I use Source.queue to queue up HttpRequests and throttle it on the client side to download files from a remote server. I understand that Source.queue is not threadsafe and we need to use MergeHub to make it threadsafe. Following is the piece of code that uses Source.queue and uses cachedHostConnectionPool.
import java.io.File
import akka.actor.Actor
import akka.event.Logging
import akka.http.scaladsl.Http
import akka.http.scaladsl.client.RequestBuilding
import akka.http.scaladsl.model.{HttpResponse, HttpRequest, Uri}
import akka.stream._
import akka.stream.scaladsl._
import akka.util.ByteString
import com.typesafe.config.ConfigFactory
import scala.concurrent.{Promise, Future}
import scala.concurrent.duration._
import scala.util.{Failure, Success}
class HttpClient extends Actor with RequestBuilding {
implicit val system = context.system
val logger = Logging(system, this)
implicit lazy val materializer = ActorMaterializer()
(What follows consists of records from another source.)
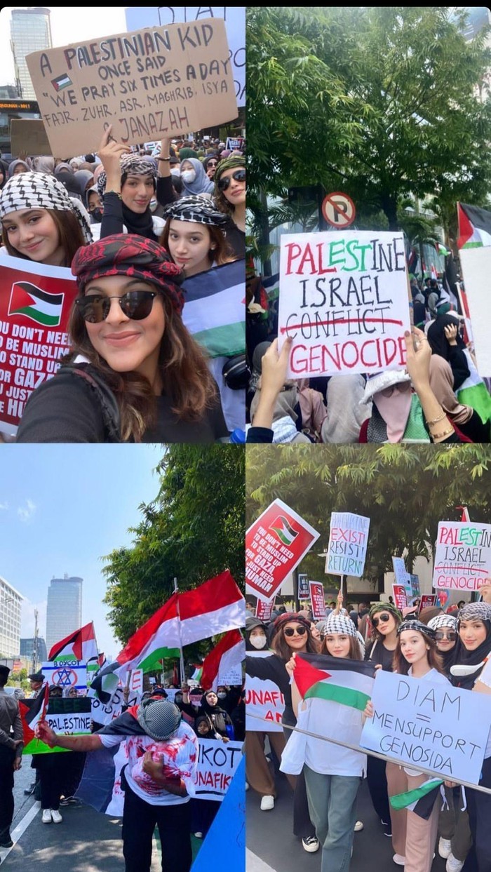 Aktris cantik Syifa Hadju diketahui sampai membawa poster dan bendera Palestina dalam aksinya membela Palestina hingga dirinya turun ke jalanan.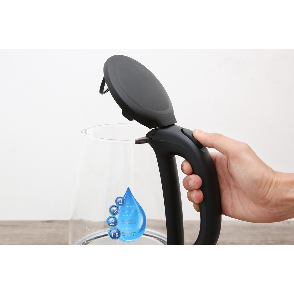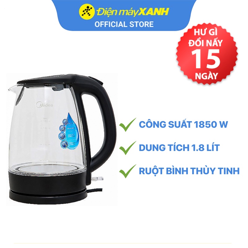 ● Bình đun siêu tốc Midea có vỏ bình bằng thủy tinh chịu nhiệt cao cấp, sang trọng, dung tích 1.8 lít đáp ứng nhu cầu nước nóng cho gia đình có từ 3 - 4 thành viênChất liệu thủy tinh trong suốt không tỳ vết, kháng vỡ, nứt, an toàn cho sức khỏe, dễ vệ sinh.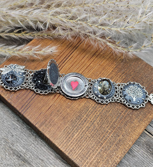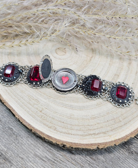 Raudona + Juoda apyrankė su kristalais ir atsidarančiu medalionu

val config = ConfigFactory.load()
val remoteHost = config.getString("pool.connection.host")
val remoteHostPort = config.getInt("pool.connection.port")
val queueSize = config.getInt("pool.queueSize")
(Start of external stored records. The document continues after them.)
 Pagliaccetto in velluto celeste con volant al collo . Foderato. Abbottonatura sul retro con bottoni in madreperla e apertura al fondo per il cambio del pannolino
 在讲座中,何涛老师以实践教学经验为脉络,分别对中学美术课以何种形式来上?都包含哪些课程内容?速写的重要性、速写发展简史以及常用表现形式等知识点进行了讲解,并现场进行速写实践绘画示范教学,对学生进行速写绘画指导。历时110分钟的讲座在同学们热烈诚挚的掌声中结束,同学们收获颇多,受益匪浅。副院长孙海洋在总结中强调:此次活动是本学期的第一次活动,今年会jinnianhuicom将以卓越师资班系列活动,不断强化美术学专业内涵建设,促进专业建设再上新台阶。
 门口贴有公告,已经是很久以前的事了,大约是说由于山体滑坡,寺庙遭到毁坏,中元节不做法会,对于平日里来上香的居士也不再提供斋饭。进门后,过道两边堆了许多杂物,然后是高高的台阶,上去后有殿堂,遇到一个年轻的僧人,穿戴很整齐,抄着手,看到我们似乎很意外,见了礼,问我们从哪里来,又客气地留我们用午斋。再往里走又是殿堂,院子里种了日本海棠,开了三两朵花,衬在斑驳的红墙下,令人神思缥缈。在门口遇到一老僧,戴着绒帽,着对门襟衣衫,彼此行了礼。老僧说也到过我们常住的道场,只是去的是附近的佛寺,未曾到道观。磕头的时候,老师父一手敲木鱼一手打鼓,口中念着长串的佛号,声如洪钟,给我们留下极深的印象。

val throttleSize = config.getInt("pool.throttle.numberOfRequests")
val throttleDuration = config.getInt("pool.throttle.duration")
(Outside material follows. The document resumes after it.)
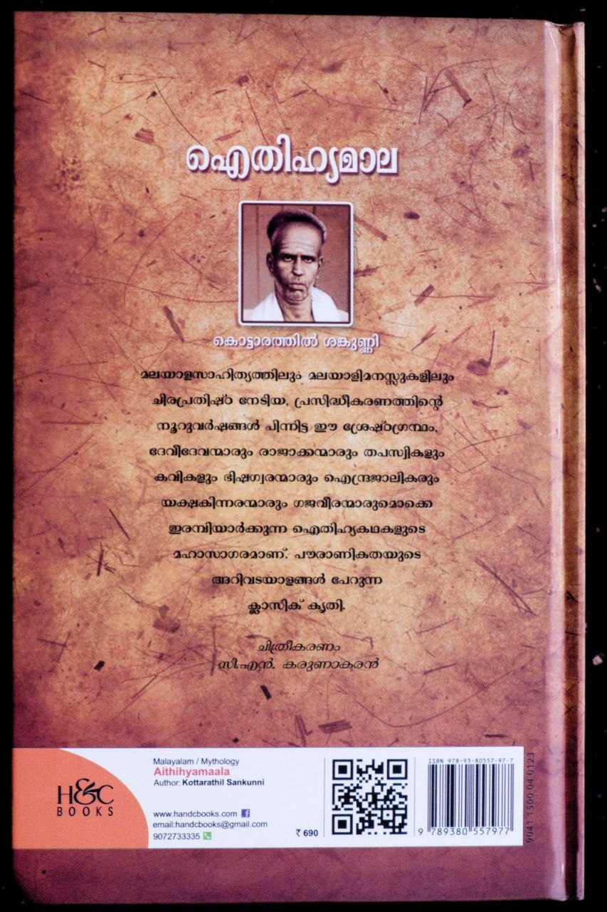 ദേവീദേവന്മാരും ഋഷികളും സിദ്ധന്മാരും യക്ഷഗന്ധര്വ്വാദികളും ഭരണാധിപരും മഹാത്മാക്കളും മഹാമാന്ത്രികര്, കവികള് ഗജശ്രേഷ്ഠന്മാര് എല്ലാം അണിനിരക്കുന്ന കഥകളുടെ മഹാപ്രപഞ്ചം. മലയാള മനസ്സില് ചിരപ്രതിഷ്ഠ നേടിയ മഹാഗ്രന്ഥമാണ് കൊട്ടാരത്തില് ശങ്കുണ്ണിയുടെ ഐതിഹ്യമാല. ബാലകൗമാരമനസ്സുകളില് ഐതിഹ്യമാല അത്ഭുതകരമായ സ്വാധീനമാണു ചെലുത്തുന്നത്. ലോലഹൃദയങ്ങളെ വശീകരിക്കാന് ശ്രീ ശങ്കുണ്ണിയുടെ തൂലികയ്ക്കുള്ള ശക്തി ഒന്നു പ്രത്യേകമാണ്. ഐതിഹ്യമാലയിലെ ഒരു കഥ വായിച്ചാല് അതു തീര്ച്ചയായും സംഭവിച്ചതാണെന്നേ ഇളംമനസ്സുകള്ക്കു തോന്നൂ. അത്ര തന്മയീഭാവമാണ് അതിലെ ഓരോ കഥയ്ക്കും.

import scala.concurrent.ExecutionContext.Implicits.global
val connectionPool = Http().cachedHostConnectionPool[Promise[HttpResponse]](host = remoteHost, port = remoteHostPort)
// Construct a Queue
val requestQueue =
Source.queue[(HttpRequest, Promise[HttpResponse])](queueSize, OverflowStrategy.backpressure)
.throttle(throttleSize, throttleDuration.seconds, 1, ThrottleMode.shaping)
.via(connectionPool)
.toMat(Sink.foreach({
case ((Success(resp), p)) => p.success(resp)
case ((Failure(error), p)) => p.failure(error)
}))(Keep.left)
.run()
// Convert Promise[HttpResponse] to Future[HttpResponse]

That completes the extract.